_Task description_.
Pictures stay out of this copy; please retype only the lines from the start of the records through the line with "7. What a Blackpool".
==== Supplied records
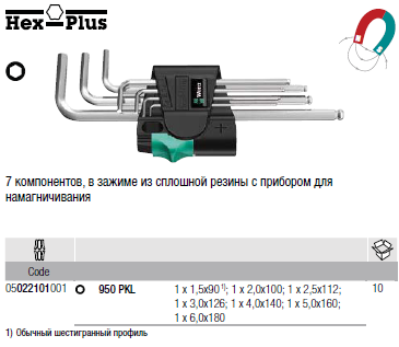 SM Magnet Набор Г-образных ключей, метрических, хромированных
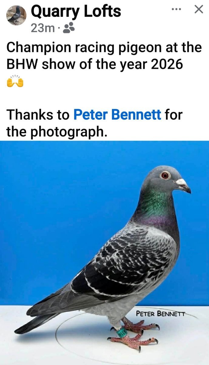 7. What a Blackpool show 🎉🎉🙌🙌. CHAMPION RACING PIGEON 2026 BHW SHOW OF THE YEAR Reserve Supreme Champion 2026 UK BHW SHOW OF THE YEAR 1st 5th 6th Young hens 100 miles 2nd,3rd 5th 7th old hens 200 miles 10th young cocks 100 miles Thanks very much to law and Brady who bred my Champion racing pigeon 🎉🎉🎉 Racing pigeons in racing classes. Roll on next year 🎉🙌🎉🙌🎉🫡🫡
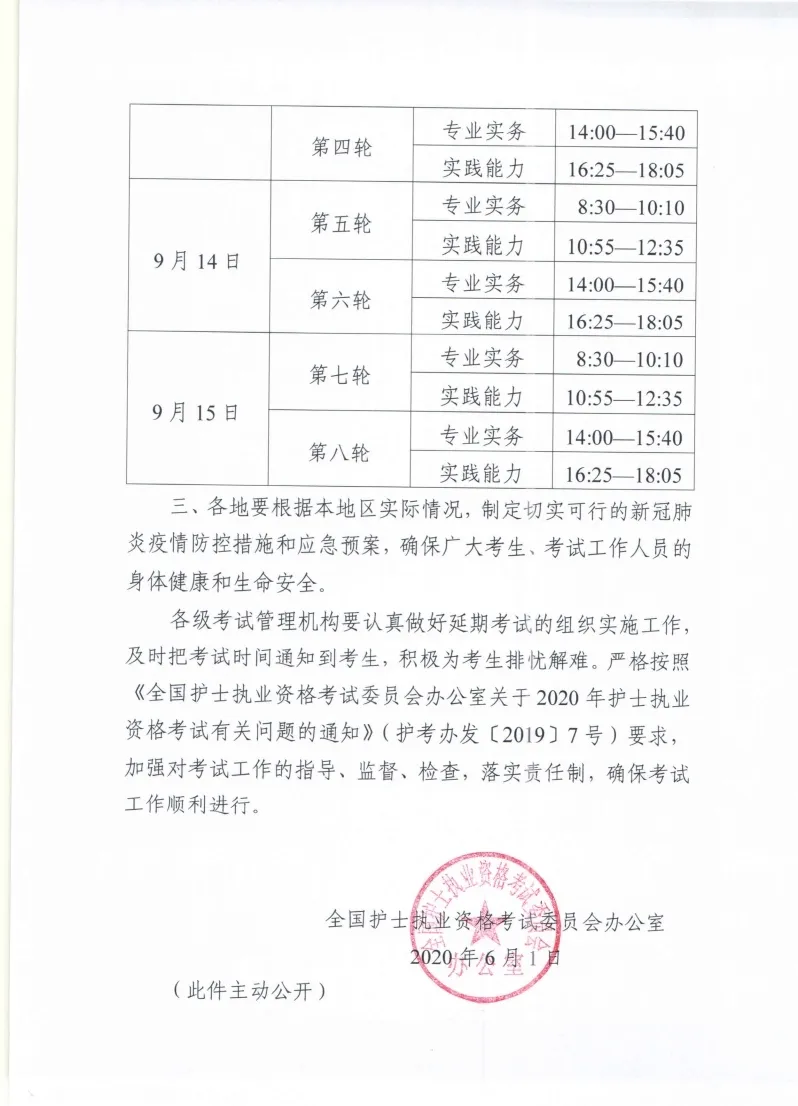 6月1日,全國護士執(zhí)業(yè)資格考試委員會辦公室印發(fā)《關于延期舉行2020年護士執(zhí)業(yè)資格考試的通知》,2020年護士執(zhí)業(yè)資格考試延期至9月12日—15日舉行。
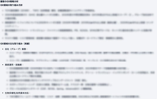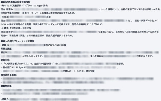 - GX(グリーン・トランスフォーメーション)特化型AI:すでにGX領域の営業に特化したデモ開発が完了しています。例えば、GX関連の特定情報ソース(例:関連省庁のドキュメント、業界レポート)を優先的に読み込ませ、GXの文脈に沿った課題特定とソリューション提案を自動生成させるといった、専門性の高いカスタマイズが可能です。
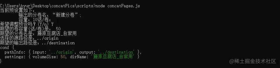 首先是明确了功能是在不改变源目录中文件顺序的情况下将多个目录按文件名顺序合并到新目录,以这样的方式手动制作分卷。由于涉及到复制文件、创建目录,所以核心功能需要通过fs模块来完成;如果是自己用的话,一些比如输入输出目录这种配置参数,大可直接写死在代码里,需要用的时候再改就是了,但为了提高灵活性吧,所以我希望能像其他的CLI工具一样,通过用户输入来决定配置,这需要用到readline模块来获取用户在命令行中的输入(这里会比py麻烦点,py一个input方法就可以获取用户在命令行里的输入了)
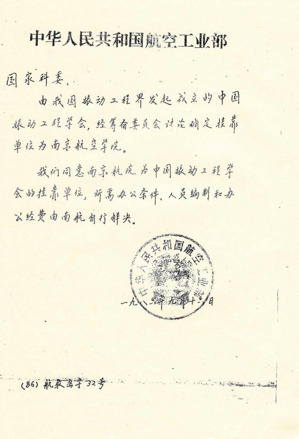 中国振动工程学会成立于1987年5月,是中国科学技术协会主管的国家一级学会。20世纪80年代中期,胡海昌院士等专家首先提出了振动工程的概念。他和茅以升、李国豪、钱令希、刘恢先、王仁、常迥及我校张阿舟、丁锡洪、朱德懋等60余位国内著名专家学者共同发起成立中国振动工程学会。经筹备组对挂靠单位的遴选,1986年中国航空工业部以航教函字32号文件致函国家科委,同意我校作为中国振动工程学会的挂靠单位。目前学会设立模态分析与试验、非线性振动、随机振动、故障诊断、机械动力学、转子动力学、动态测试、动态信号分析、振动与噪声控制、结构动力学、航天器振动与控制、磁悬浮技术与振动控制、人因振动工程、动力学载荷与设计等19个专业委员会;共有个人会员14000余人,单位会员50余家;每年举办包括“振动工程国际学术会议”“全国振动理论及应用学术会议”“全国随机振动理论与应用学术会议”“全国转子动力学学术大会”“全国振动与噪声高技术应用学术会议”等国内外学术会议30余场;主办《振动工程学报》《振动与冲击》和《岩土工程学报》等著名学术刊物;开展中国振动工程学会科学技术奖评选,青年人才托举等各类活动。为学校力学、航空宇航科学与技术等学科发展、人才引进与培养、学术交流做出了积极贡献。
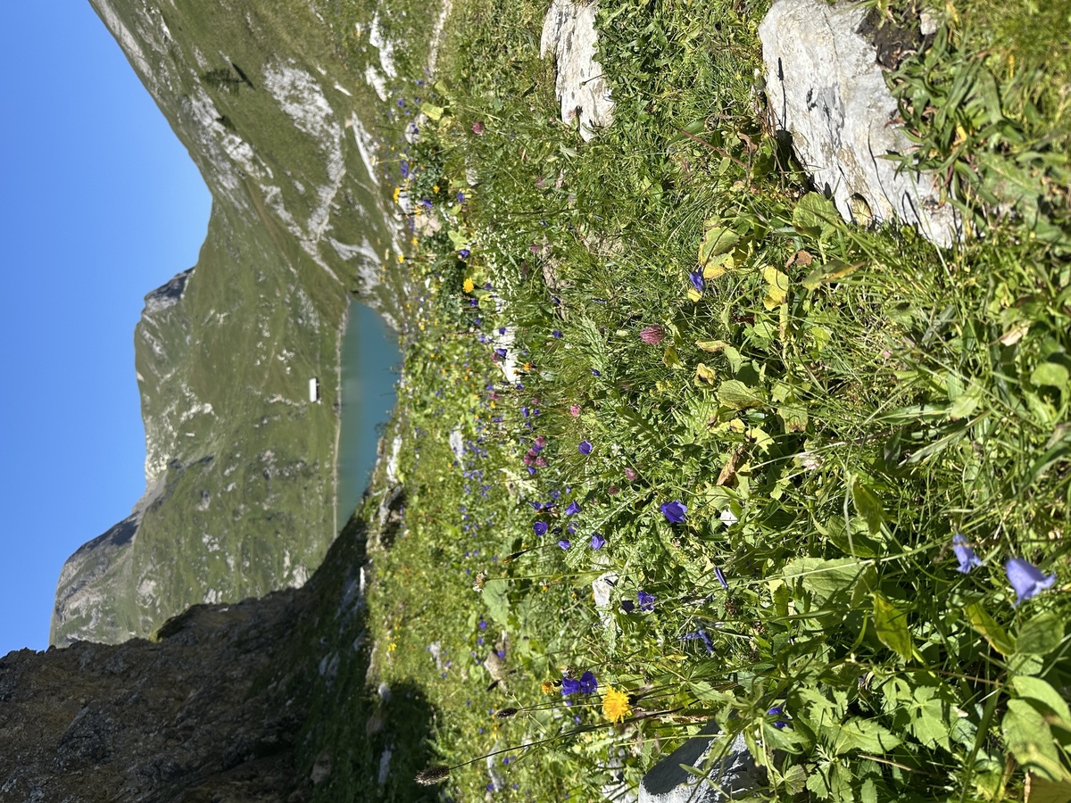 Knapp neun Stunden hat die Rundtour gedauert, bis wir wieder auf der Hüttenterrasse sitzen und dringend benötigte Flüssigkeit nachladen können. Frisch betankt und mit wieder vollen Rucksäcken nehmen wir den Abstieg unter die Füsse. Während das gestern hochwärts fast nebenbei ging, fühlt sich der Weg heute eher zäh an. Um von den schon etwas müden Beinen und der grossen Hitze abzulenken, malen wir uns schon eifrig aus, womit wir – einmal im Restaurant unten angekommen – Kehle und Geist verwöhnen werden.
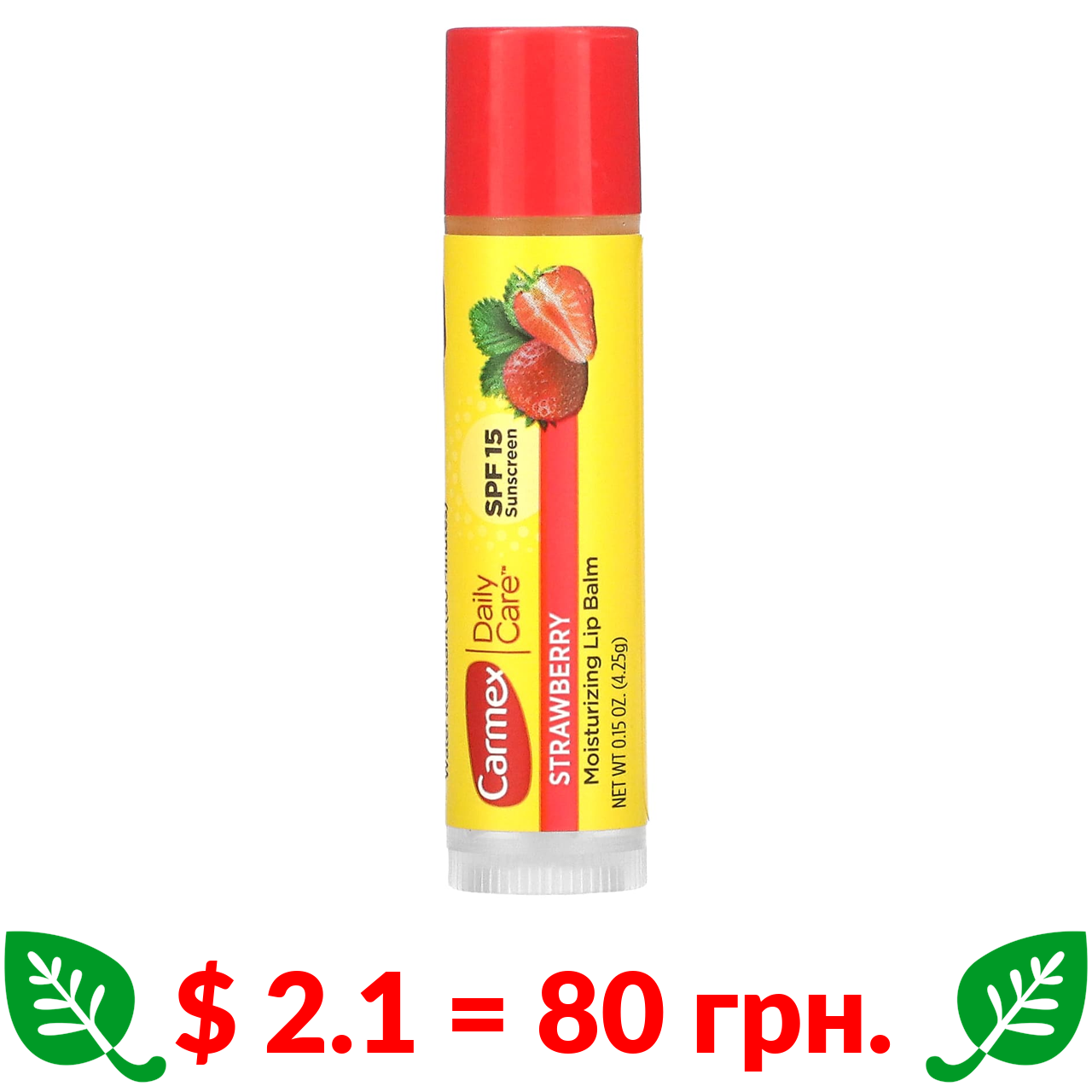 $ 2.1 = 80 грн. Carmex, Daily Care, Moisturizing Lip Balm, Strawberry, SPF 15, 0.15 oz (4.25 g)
========
_Task result_.
 SM Magnet Набор Г-образных ключей, метрических, хромированных
 7. What a Blackpool show 🎉🎉🙌🙌. CHAMPION RACING PIGEON 2026 BHW SHOW OF THE YEAR Reserve Supreme Champion 2026 UK BHW SHOW OF THE YEAR 1st 5th 6th Young hens 100 miles 2nd,3rd 5th 7th old hens 200 miles 10th young cocks 100 miles Thanks very much to law and Brady who bred my Champion racing pigeon 🎉🎉🎉 Racing pigeons in racing classes. Roll on next year 🎉🙌🎉🙌🎉🫡🫡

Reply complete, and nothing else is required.